◆ Exercise goal
Please reproduce the entries below exactly as they stand, but leave the pictures out.

[[ Source data, beginning ]]

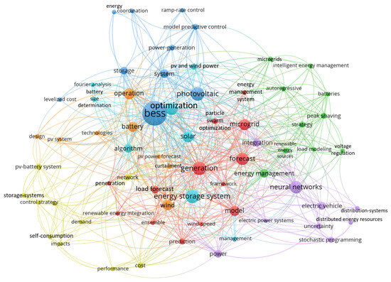 Finally, the network representation of the most mentioned terms in the selected papers is presented in Figure 5. In this network, the node size is proportional to the number of connections it presents, and the colors are a result of a clustering process. There are at least seven different groups. It is important to highlight that the terms BESS, photovoltaic, generation, energy storage system, forecast, microgrid, neural networks, and operation present the largest nodes.
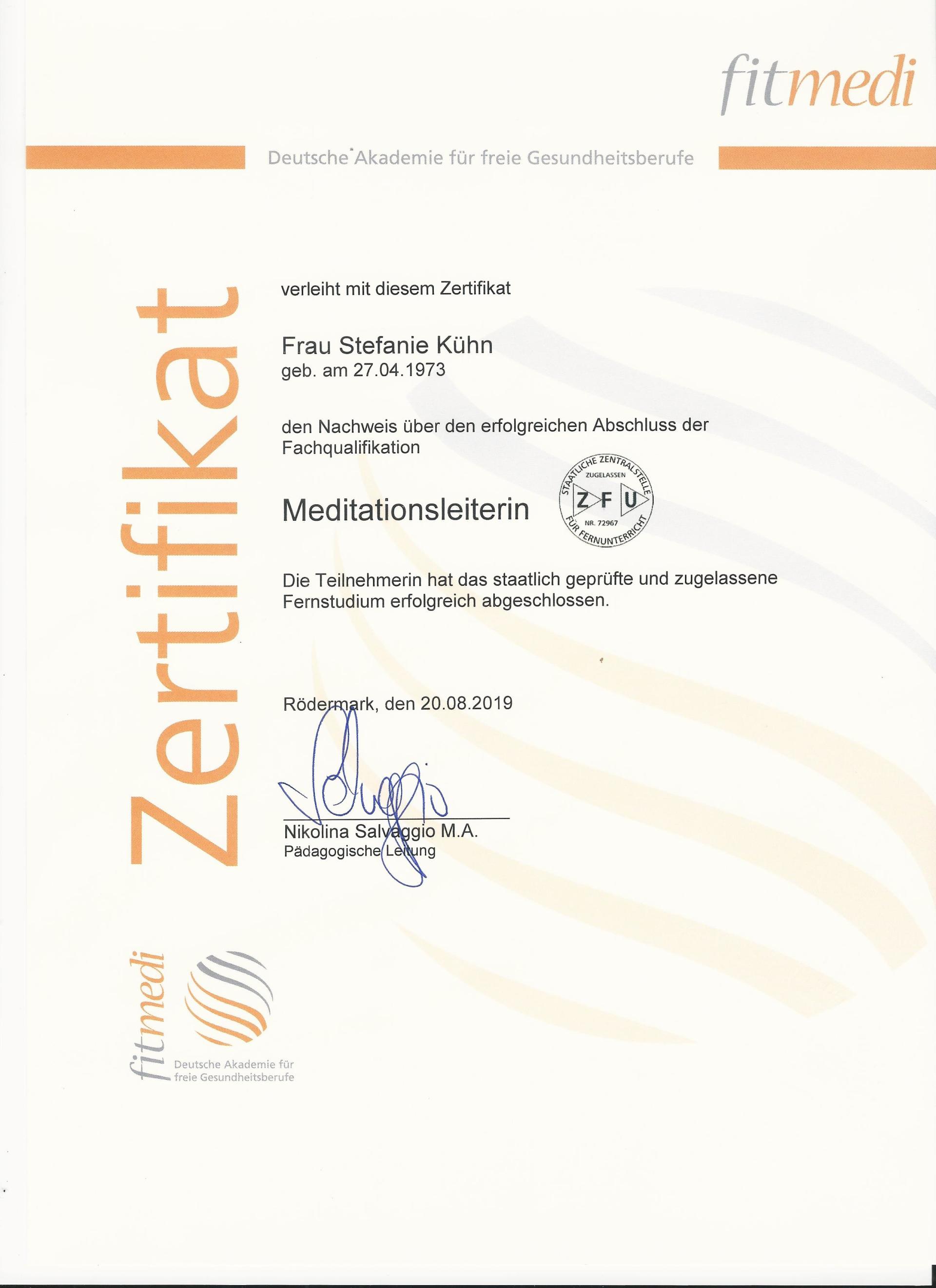 sowie staatlich geprüfte Meditationsleiterin.
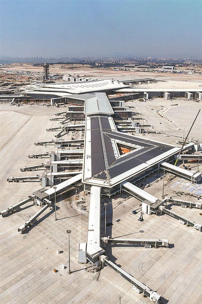 全景图中,55万平方米的航站楼以“大厝”三重檐叠落造型惊艳亮相,“出砖入石燕尾脊”等闽南元素与11.8万平方米金属屋盖相映成趣,北一、南一双跑道如双翼舒展,3800米长的4F级北一跑道可起降全球最大客机,各个通航必备项目一览无余,尽显宏大气势。
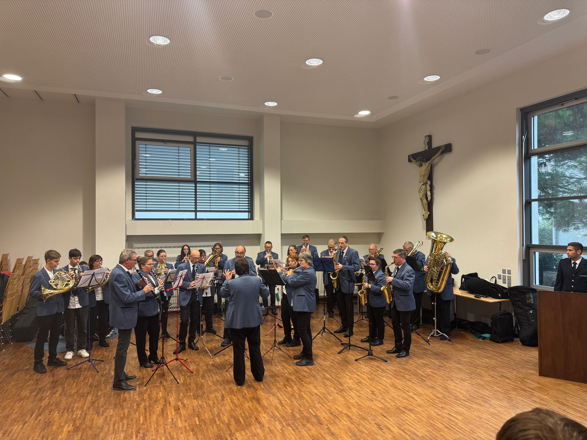 Trotz des regnerischen Wetters ließen wir uns die gute Laune nicht nehmen. Kurzerhandwurde die Veranstaltung nach drinnen verlegt, wo die Feierlichkeiten beginnen konnten.Wir haben uns sehr gefreut, diesen besonderen Anlass musikalisch mitgestalten zudürfen und bedanken und herzlich bei der Feuerwehr.
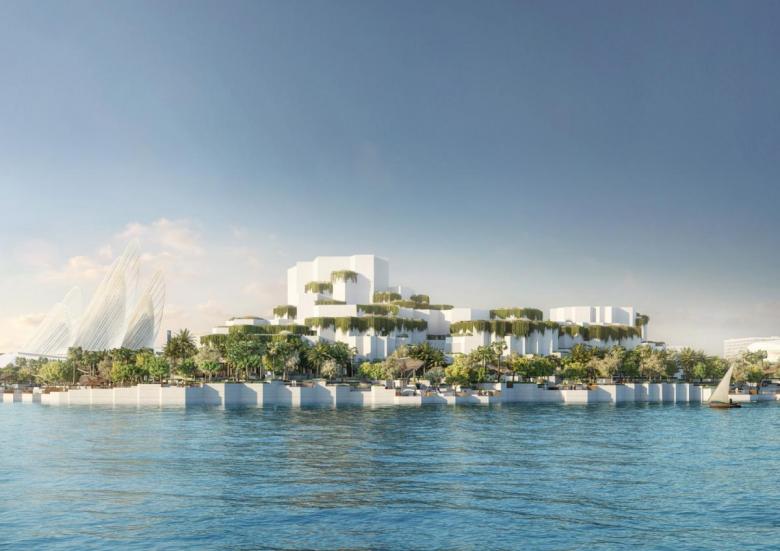 The latest project unveiled for the Saadiyat Cultural District will join an impressive assemblage of completed and in-progress icons designed by famous architects, including Jean Nouvel's Louvre Abu Dhabi (open since 2017, visible in rendering at top), Frank Gehry's off-again, on-again Guggenheim Abu Dhabi, Zaha Hadid's Performing Arts Center, Norman Foster's Zayed National Museum (under construction, visible in the second rendering), and Tadao Ando's Maritime Museum — all on a patch of land just one square mile (2.6 km2) in area.
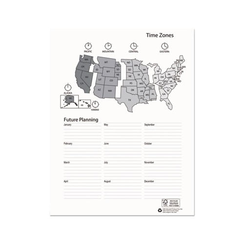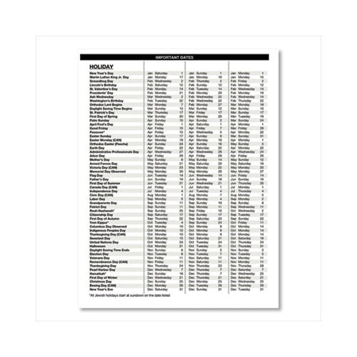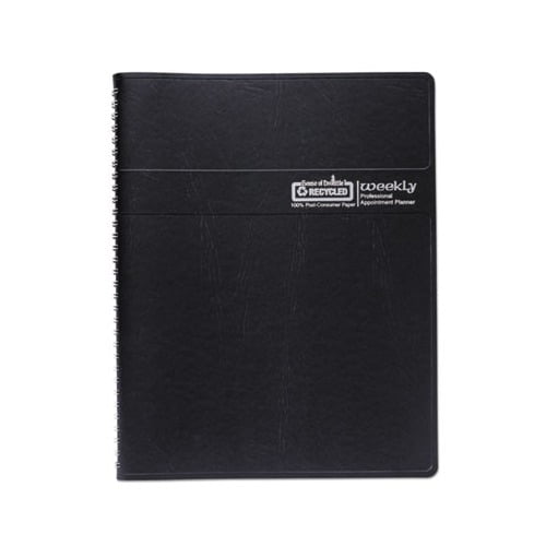 Vertical format with one weekday per column, quarter-hourly appointments and six days per week. Weeks start on Monday with a one-week per two-page layout. Three-year reference calendar page aids in long-range planning. Includes a double-sided storage pocket. Additional page lists important holiday dates over a span of three years. Features printed monthly indicators to help you quickly find the date you need. Made entirely of recycled materials. Wirebound Soft CoverBlack, embossed leatherette finished soft cover. Size: 11 x 8.5 Page Color/Theme: White/Blue Appointment Ruling: 15-min, 7 AM to 8:45 PM Mon-Fri 15-min, 7 AM to 5:30 PM Sat Open Scheduling Sun Edition Year: 2021. Green : Printed on 100% recycled paper containing 100% post-consumer recycled content, using soy inks, 50% recycled cover material, and 90% recycled wire.
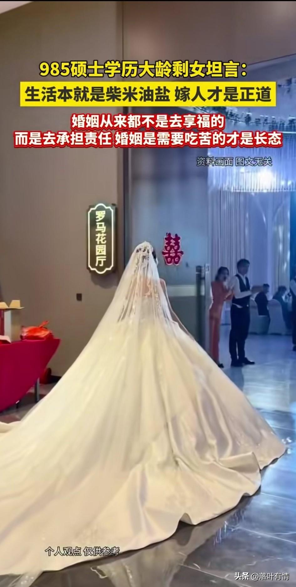 一位985的大龄剩女, 今年38了还没有嫁出去, 马上要奔四的年纪了, 她彻底的慌了, 这个时候也彻底顿悟了, 她觉得她应该改掉脾气, 不要好高骛远, 不要抱有不切实际的爱情幻想, 嫁人才是正道, 生活本来就是柴米油盐, 生活就是普普通通, 我们应该意识到婚姻它从来不是去享受的,而是去承担责任的, 所有的婚姻都是去承担责任的, 所以婚姻都是吃苦的,这才是常态! 如今38岁的她才想通, 大家觉得她是真的要改了吗? 这样的人娶到之后会幸福吗? 会不会又是一地鸡毛, 大家觉得大龄单身女能娶吗? 大龄女孩择偶 婚姻大龄剩女 大龄女择偶观 大龄未婚情感 大龄女婚恋观
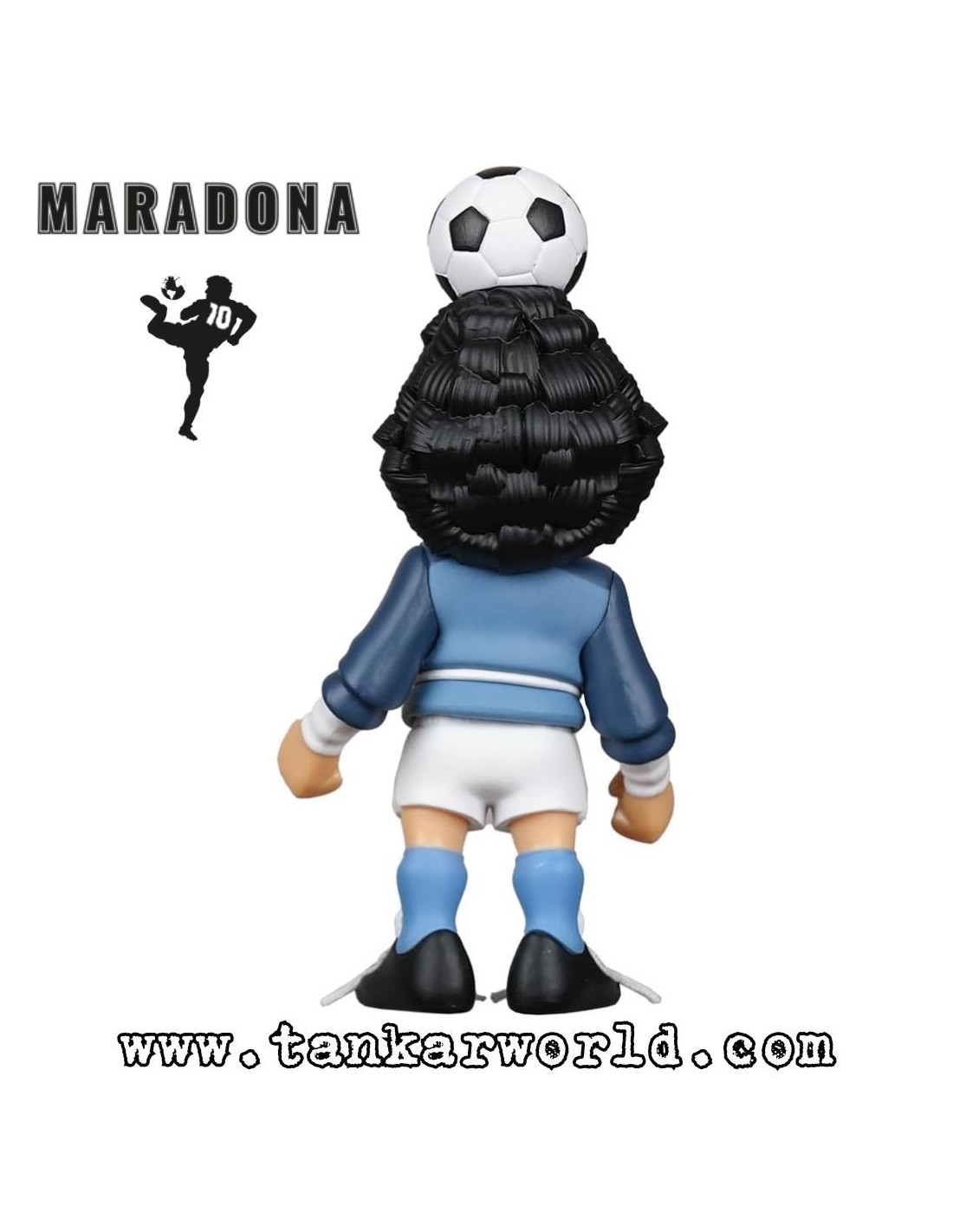 La figura reproduce a Maradona con la icónica equipación de la selección argentina, capturando su estilo inconfundible y su presencia histórica sobre el terreno de juego. Fabricada en vinilo de alta calidad, presenta un acabado cuidado y fiel al personaje, ideal tanto para coleccionistas como para aficionados al fútbol.
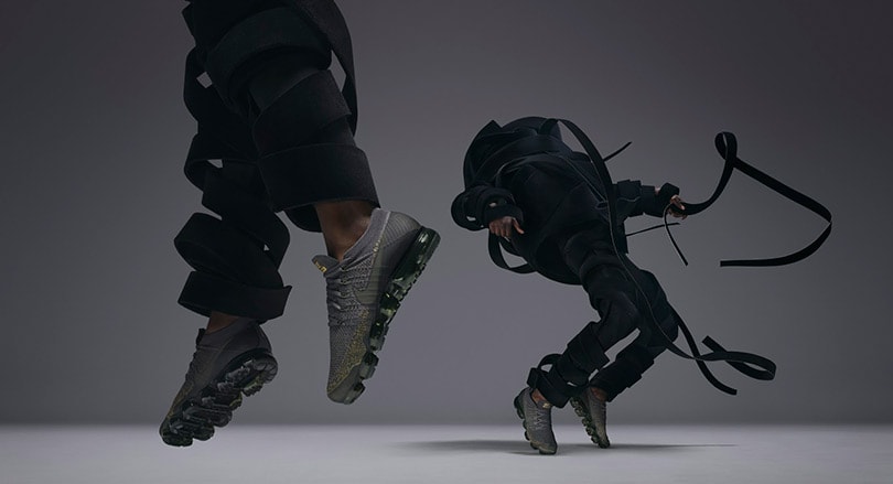 "The first idea came to life as an ode to all things airborne, with the lightness and flexibility of the Nike Vapormax providing a direct reference. The transparent air cushioning unit that acts as a standalone outsole inspired me to create a flawless outfit that creates harmony between body and environment.”
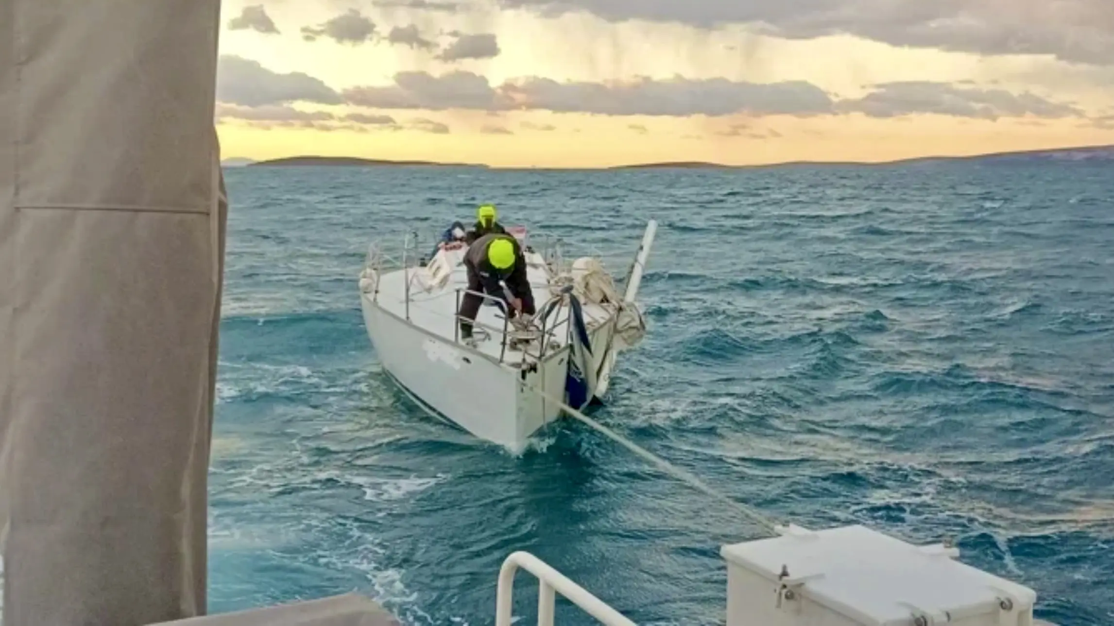 Od početka akcije održavana je telefonska komunikacija s tročlanom posadom, dvoje državljana Hrvatske i jedna državljanka Slovenije, kako bi se spriječila panika i osiguralo ispravno ponašanje i postupanje posade na oštećenoj jedrilici tijekom nevremena na moru, do njihova pronalaska.
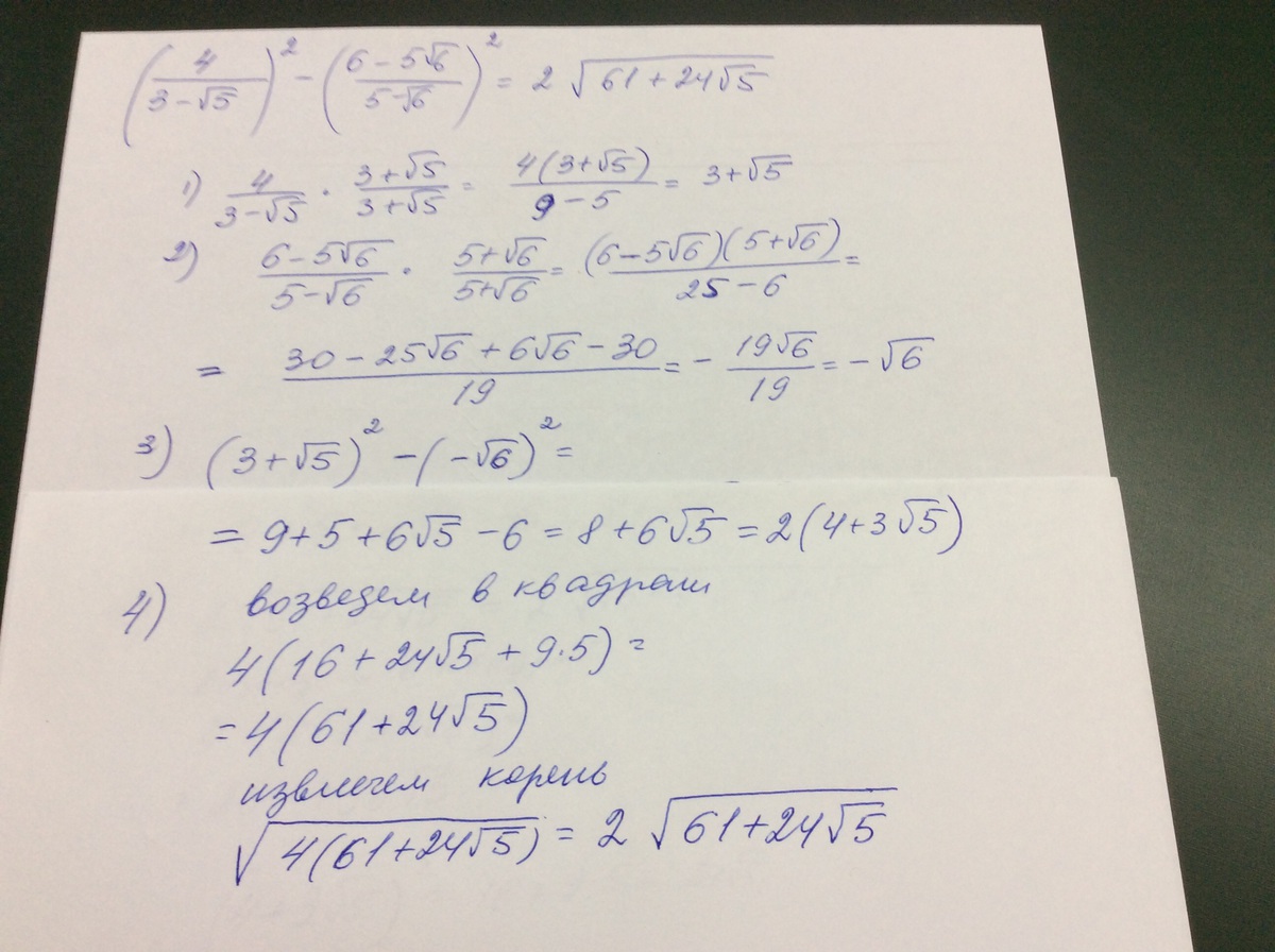 ((4/(3-sqrt5))^2)-((6-5(sqrt6))/(5-sqrt6))^2=2sqrt(61+24sqrt(5))

[[ Source data, end ]]

◆ Worked solution
 Finally, the network representation of the most mentioned terms in the selected papers is presented in Figure 5. In this network, the node size is proportional to the number of connections it presents, and the colors are a result of a clustering process. There are at least seven different groups. It is important to highlight that the terms BESS, photovoltaic, generation, energy storage system, forecast, microgrid, neural networks, and operation present the largest nodes.
 sowie staatlich geprüfte Meditationsleiterin.
 全景图中,55万平方米的航站楼以“大厝”三重檐叠落造型惊艳亮相,“出砖入石燕尾脊”等闽南元素与11.8万平方米金属屋盖相映成趣,北一、南一双跑道如双翼舒展,3800米长的4F级北一跑道可起降全球最大客机,各个通航必备项目一览无余,尽显宏大气势。
 Trotz des regnerischen Wetters ließen wir uns die gute Laune nicht nehmen. Kurzerhandwurde die Veranstaltung nach drinnen verlegt, wo die Feierlichkeiten beginnen konnten.Wir haben uns sehr gefreut, diesen besonderen Anlass musikalisch mitgestalten zudürfen und bedanken und herzlich bei der Feuerwehr.
 The latest project unveiled for the Saadiyat Cultural District will join an impressive assemblage of completed and in-progress icons designed by famous architects, including Jean Nouvel's Louvre Abu Dhabi (open since 2017, visible in rendering at top), Frank Gehry's off-again, on-again Guggenheim Abu Dhabi, Zaha Hadid's Performing Arts Center, Norman Foster's Zayed National Museum (under construction, visible in the second rendering), and Tadao Ando's Maritime Museum — all on a patch of land just one square mile (2.6 km2) in area.
 Vertical format with one weekday per column, quarter-hourly appointments and six days per week. Weeks start on Monday with a one-week per two-page layout. Three-year reference calendar page aids in long-range planning. Includes a double-sided storage pocket. Additional page lists important holiday dates over a span of three years. Features printed monthly indicators to help you quickly find the date you need. Made entirely of recycled materials. Wirebound Soft CoverBlack, embossed leatherette finished soft cover. Size: 11 x 8.5 Page Color/Theme: White/Blue Appointment Ruling: 15-min, 7 AM to 8:45 PM Mon-Fri 15-min, 7 AM to 5:30 PM Sat Open Scheduling Sun Edition Year: 2021. Green : Printed on 100% recycled paper containing 100% post-consumer recycled content, using soy inks, 50% recycled cover material, and 90% recycled wire.
 一位985的大龄剩女, 今年38了还没有嫁出去, 马上要奔四的年纪了, 她彻底的慌了, 这个时候也彻底顿悟了, 她觉得她应该改掉脾气, 不要好高骛远, 不要抱有不切实际的爱情幻想, 嫁人才是正道, 生活本来就是柴米油盐, 生活就是普普通通, 我们应该意识到婚姻它从来不是去享受的,而是去承担责任的, 所有的婚姻都是去承担责任的, 所以婚姻都是吃苦的,这才是常态! 如今38岁的她才想通, 大家觉得她是真的要改了吗? 这样的人娶到之后会幸福吗? 会不会又是一地鸡毛, 大家觉得大龄单身女能娶吗? 大龄女孩择偶 婚姻大龄剩女 大龄女择偶观 大龄未婚情感 大龄女婚恋观
 La figura reproduce a Maradona con la icónica equipación de la selección argentina, capturando su estilo inconfundible y su presencia histórica sobre el terreno de juego. Fabricada en vinilo de alta calidad, presenta un acabado cuidado y fiel al personaje, ideal tanto para coleccionistas como para aficionados al fútbol.
 "The first idea came to life as an ode to all things airborne, with the lightness and flexibility of the Nike Vapormax providing a direct reference. The transparent air cushioning unit that acts as a standalone outsole inspired me to create a flawless outfit that creates harmony between body and environment.”
 Od početka akcije održavana je telefonska komunikacija s tročlanom posadom, dvoje državljana Hrvatske i jedna državljanka Slovenije, kako bi se spriječila panika i osiguralo ispravno ponašanje i postupanje posade na oštećenoj jedrilici tijekom nevremena na moru, do njihova pronalaska.
 ((4/(3-sqrt5))^2)-((6-5(sqrt6))/(5-sqrt6))^2=2sqrt(61+24sqrt(5))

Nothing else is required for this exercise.